Michael Anhaeuser (born August 13, 1969 in Fort Wayne, Indiana) is a former American soccer player and coach. He has spent his entire professional playing career with the Charleston Battery, playing five seasons for the club as a midfielder before moving into the coaching staff.

Club career
Anhaeuser grew up in Fort Wayne, Indiana and attended Indiana University where he played on the men's soccer team under Jerry Yeagley from 1988 to 1991.  The Hoosiers won the 1988 NCAA Men's Soccer Championship in his freshman season.

Following his college career Anhaeuser trialed in Germany with Bundesliga clubs Schalke 04 and VfL Bochum and played in their reserve teams. In 1994, he signed a professional contract with the Charleston Battery of the USISL. He spent five seasons a midfielder with the Battery, making over 100 appearances and winning the 1996 league championship while also working a day job in research and development for the club's corporate parent Blackbaud. Anhaeuser tore his anterior cruciate ligament during the 1999 pre-season and retired from playing professionally.

Coaching career
Anhaeuser spent much of his playing career coaching Lowcountry junior clubs and to this day continues to handle teams in the Battery's youth system. After retiring from playing in 1999, he moved into an assistant coaching role with the Battery under managers Alan Dicks and Chris Ramsey. After the departure of Ramsey in 2005, he was elevated to the position of head coach. 

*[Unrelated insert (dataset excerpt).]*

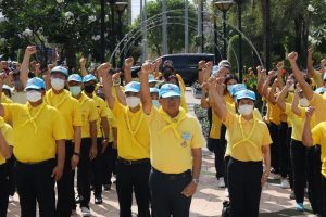 นายสมศักดิ์ แก้วเสนา นายอำเภอเมืองสมุทรปราการ กล่าวว่า ด้วยสำนึกในพระมหากรุณาธิคุณที่ พระบาทสมเด็จพระเจ้าอยู่หัว พระราชทานโครงการจิตอาสาพระราชทานตามแนวพระราชดำริ “เราทำความ ดี ด้วยหัวใจ” ด้วยทรงมุ่งหวังให้ พสกนิกรทุกหมู่เหล่า มีความสมัครสมาน สามัคคี ร่วมมือร่วมใจ ประกอบกิจกรรมสาธารณะเพื่อประโยชน์สุขของชุมชนส่วนรวม โดยไม่หวังสิ่งตอบแทนเพื่อให้เกิดความรัก ความผูกพันใน 4 สถาบันหลักของชาติ คือ สถาบันชาติ สถาบันศาสนา สถาบันพระมหากษัตริย์ และประชาชน

In 2006, he was named the USL-1 Coach of the Year after he took the Battery to the post-season semifinals and the third round of the U.S. Open Cup. Anhaeuser has led the Battery to league championships in 2010 and 2012 and was the coach of the 2008 Battery team that remains the most recent non-MLS side to reach the final of the Open Cup.

In 2008, he was also given the title of general manager of the Battery, overseeing all soccer operations at the club. Following the 2013 season, Anhaeuser was inducted to the USL Hall of Fame.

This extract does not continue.